Locking Down Written Description and Continuations-in-Part

by Dennis Crouch

In re Tropp (Fed. Cir. 2018)

Despite the text of the 4th Amendment of the U.S. Constitution, our government has determined that US Citizens who want the privilege of travel-by-flight implicitly give up their rights of privacy.  I used to travel with a lock on my luggage.  Of course these days, that lock will likely be broken by Transportation Safety (TSA) officials in the search for bombs (and incidentally uncovering other contraband).

Tropp’s patent application is focused on a special set of luggage locks that help the TSA by providing a master key.  The application here is part of a portfolio that claims priority back to 2003-2004.  The 2003 application was followed by a continuation-in-part in 2004 that was then followed in 2012 by the present continuation-application.

During prosecution, Tropp rewrote his patent claims in this case to focus on “a set of locks” that each have dials for a traveler to use and a master key portion for TSA.  The claims require some differences among the set — splitting them into two subsets with different number of dials for locks in each subset.

During prosecution, the USPTO rejected the claims — finding that they lacked written description support.  Although the specification does describe embodiments with different numbers of dials, the PTAB held that the specification does not describe a “set of locks” that include both sets of embodiments.  This case fits within the line of written description cases where all of the elements of a claimed invention are described, but where the specification does not describe how to fit those various elements together.

On appeal, the Federal Circuit vacated-and-remanded — holding that the PTAB had failed to fully consider the additional specification provided by the continuation-in-part. Here, the CIP did add some info, but only obliquely — indicating that a single master-key could “include special locks having a multiplicity of sub-types, such as different sizes, different manufacturing designs or styles, etc.”

In its decision, the PTAB had seemly incorrectly refused to consider the added disclosure from the CIP — calling it “new matter.”   Of course, the whole point of filing a Continuation-in-Part application is to add new matter — totally permissible.   Waldemar Link v. Osteonics Corp., 32 F.3d 556, 558 (Fed. Cir. 1994) (“Claims containing any matter introduced in the CIP are accorded the filing date of the CIP application. However, matter disclosed in the parent application is entitled to the benefit of the filing date of the parent application.”).

Written description is a question of fact an so PTAB determination is ordinarily given deference on appeal. Here, however, the appellate panel identified the error as “failure to consider the totality of the record in assessing written description” — which is an error of law reviewed de novo on appeal.

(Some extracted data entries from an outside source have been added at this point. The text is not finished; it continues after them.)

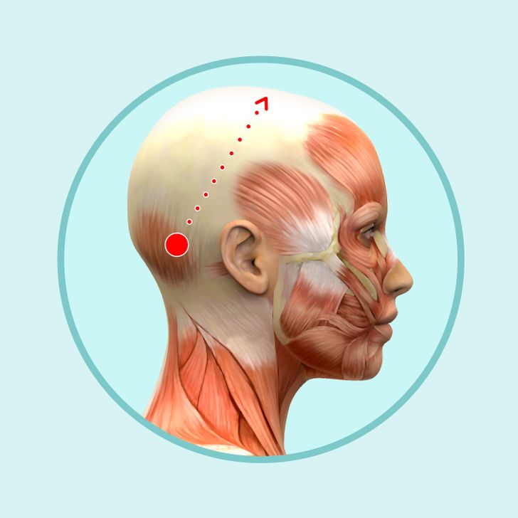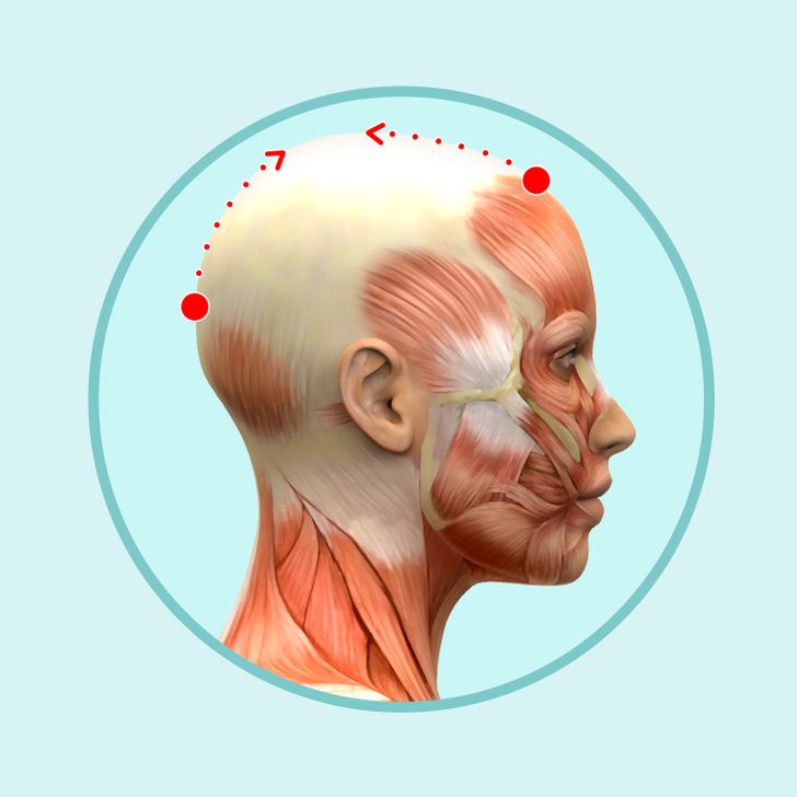 انگشتان هر دو دست را روی پیشانی، روی خط مو قرار دهید، و با فشار دادن و حرکات دایرهوار به سمت بالا حرکت کنید. به نواحی که در آن درد دارید، بیشتر توجه کنید.
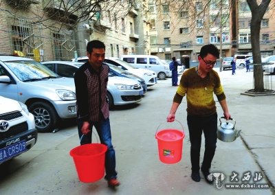 陈先生告诉记者,他家住该小区5楼。很早以前,家中的自来水水流越来越细,直到一个月前,家中自来水干脆断了水。后来大家才知道,每天只有地势较低的一楼住户家中有水,地势较高的楼层住户家一直没水。对于住户们来说,没水的日子简直就是煎熬。有些住户们跑到其他地方去提水,有些住户只能去亲戚朋友家过日子。“家里没水的日子太难熬了,家里要做饭、要洗衣服、洗澡、冲马桶,这些都没办法干了。”陈先生说。每天院子里的住户最要紧的事情就是想办法盛水,白天没水,到了凌晨5时许,陈先生家自来水管中才有一丝水流。为此陈先生每天都将闹钟定到凌晨5点起床去盛水,家里为此多买了几个大水桶。家中的脏衣服他不得不背到住在七里河的丈母娘家去清洗,顺便在丈母娘家洗个澡,他感觉这样的日子就像是在逃荒一样。
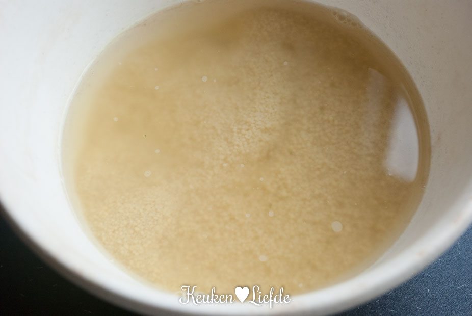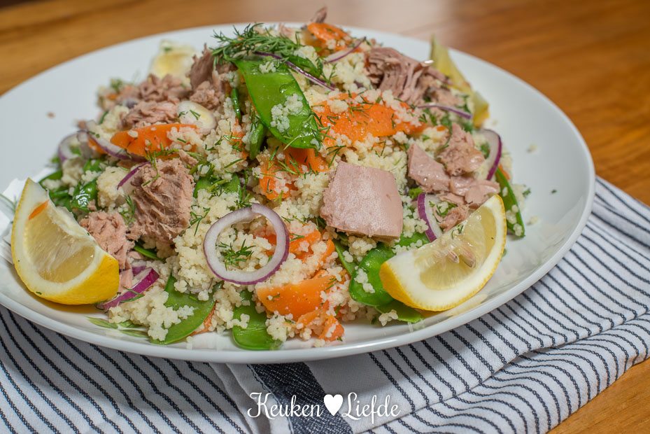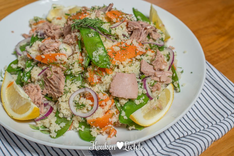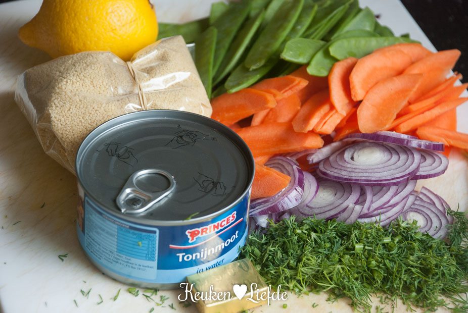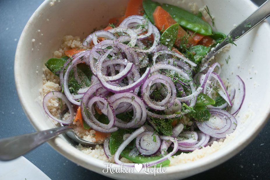 Doe de couscous in een diepe kom of schaal en overgiet met het opgevangen kookvocht, zoveel totdat de couscous nét iets onder staat (je hoeft dus niet al het vocht te gebruiken). Dek af met een bord en laat circa 8 minuten staan. Roer de couscous los met een vork en meng de groenten, ui, dille en tonijn erdoor.
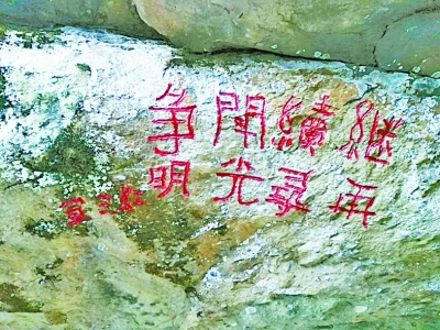 紅軍寫在龍舌巖上的話:繼續斗爭,再尋光明。光明日報記者陳海波攝/光明圖片
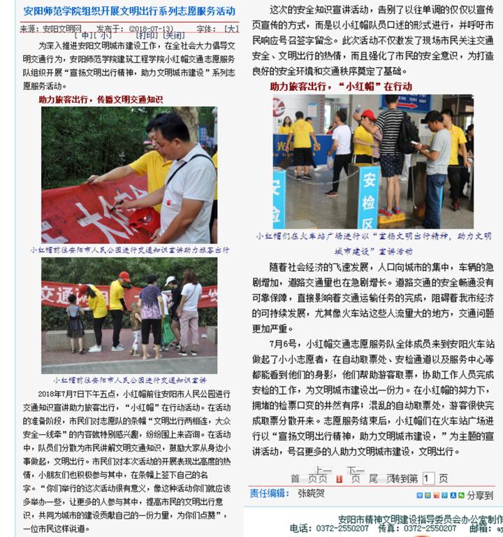 编者按:安阳师范学院建筑工程学院小红帽交通志愿服务队组织开展文明出行系列志愿服务活动。《安阳文明网》对相关情况进行了报道。
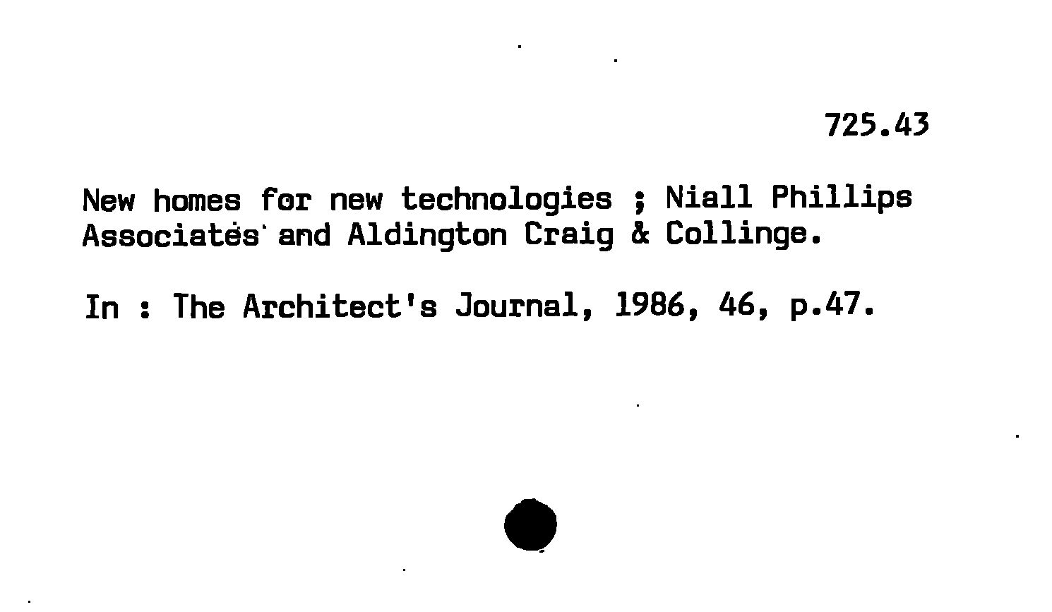 New homes for new technologies : Naill Phillips Associates and Aldington Craig & Collinge
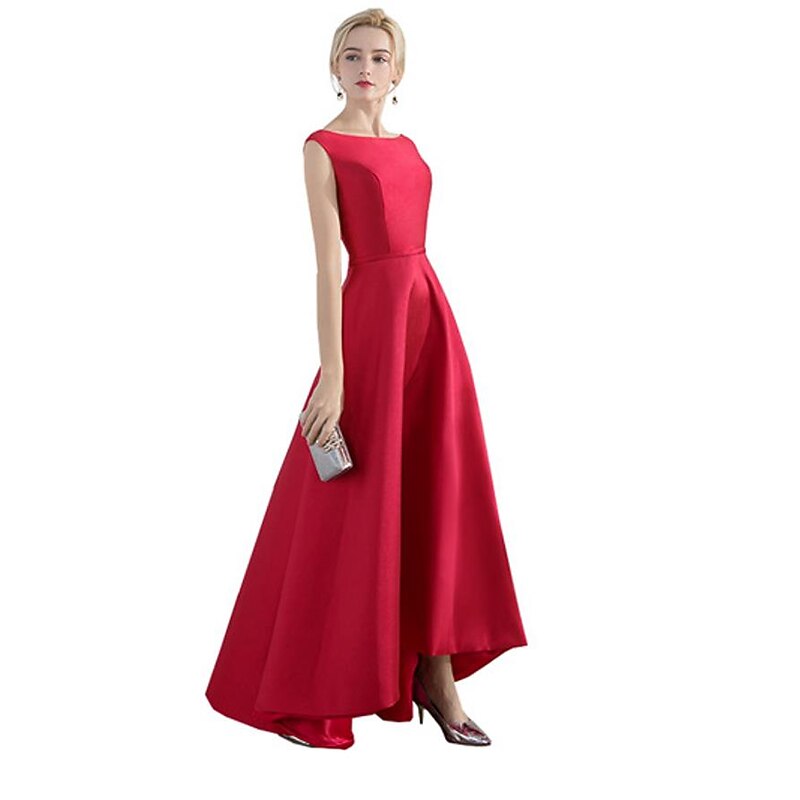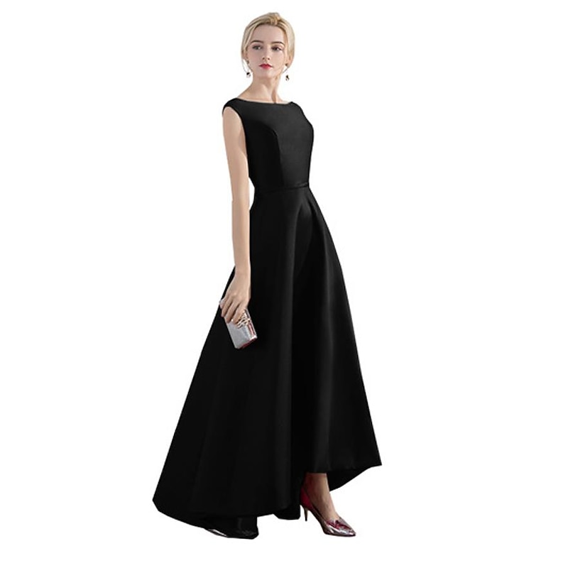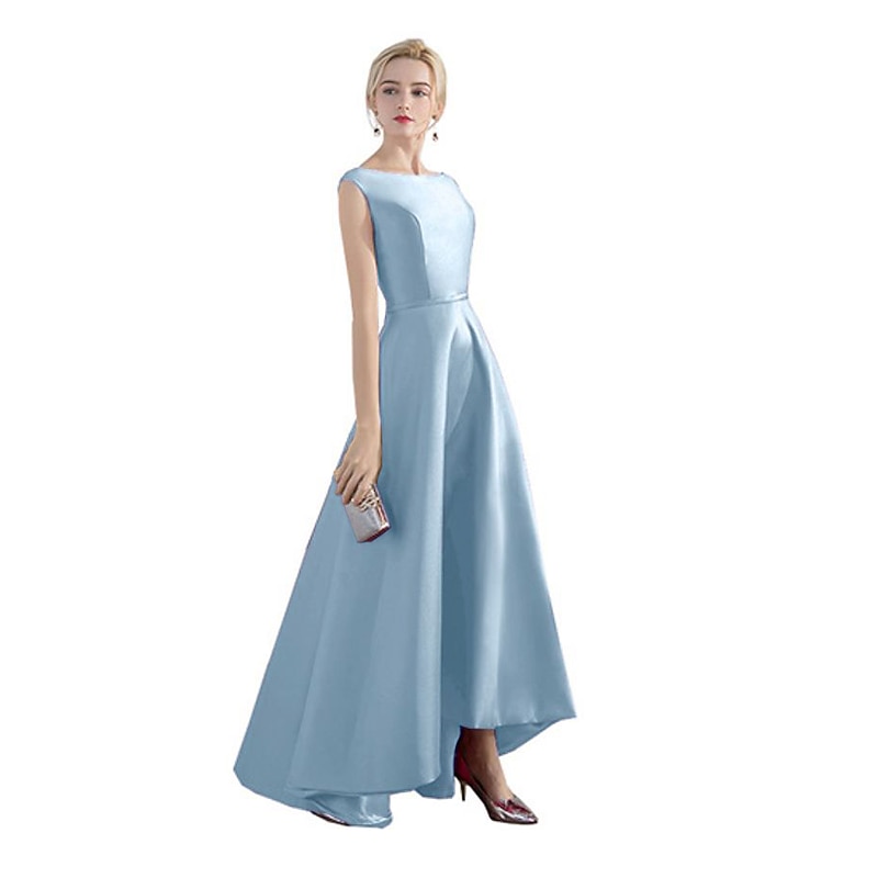 HOT ! A-Line Evening Gown Dress Wedding Guest Party Wear Asymmetrical Sleeveless Jewel Neck Satin with Sleek dress to impress

On remand, the Board will reconsider the issue of written description — looking particularly to whether the new disclosure found in the CIP is sufficient to prove possession of the claimed “set of locks” invention.

= = = = =

I wonder whether Tropp will have a trademark problem. His patents are assigned to his small Brooklyn company “Iowa Hawkeyes LLC.”

11 thoughts on “Locking Down Written Description and Continuations-in-Part

  1. 2

    This may be academic, since a claim limited to a set of different locks would seem to easily avoid infringement by only marketing identical locks with the same combination dials [alternatively openable with a master key]?

  2. 1

    Congratulations to a diligent examiner here who read the spec and applied 112.
    If the applicant is now only relying on the filing date of the CIP for possible 112 written description of the invention, then additional prior art between the original an CIP date may be applicable. [Examiners are supposed to search for prior art up to the CIP date.] Even public disclosures of the invention by the inventor more than a year before the CIP filing date.

    1. 1.1

      Priority (earlier support) was not an issue in this appeal because the Board reversed the rejection over prior art. Actually, the Examiner found that the present specification (including the new matter) does not provide adequate written description. The Board adopted that finding. It’s likely the decision would have been affirmed (or not appealed) if the Board had left out one head-scratcher of a footnote.

    2. 1.2

      Paul, from the Patent Docs blog I copy below a paragraph which includes the text of a “Footnote” to Judge Moore’s decision. Note in particular the word “entire”.

      I do not understand the Footnote. Perhaps if I read the full Decision, the Footnote will make more sense.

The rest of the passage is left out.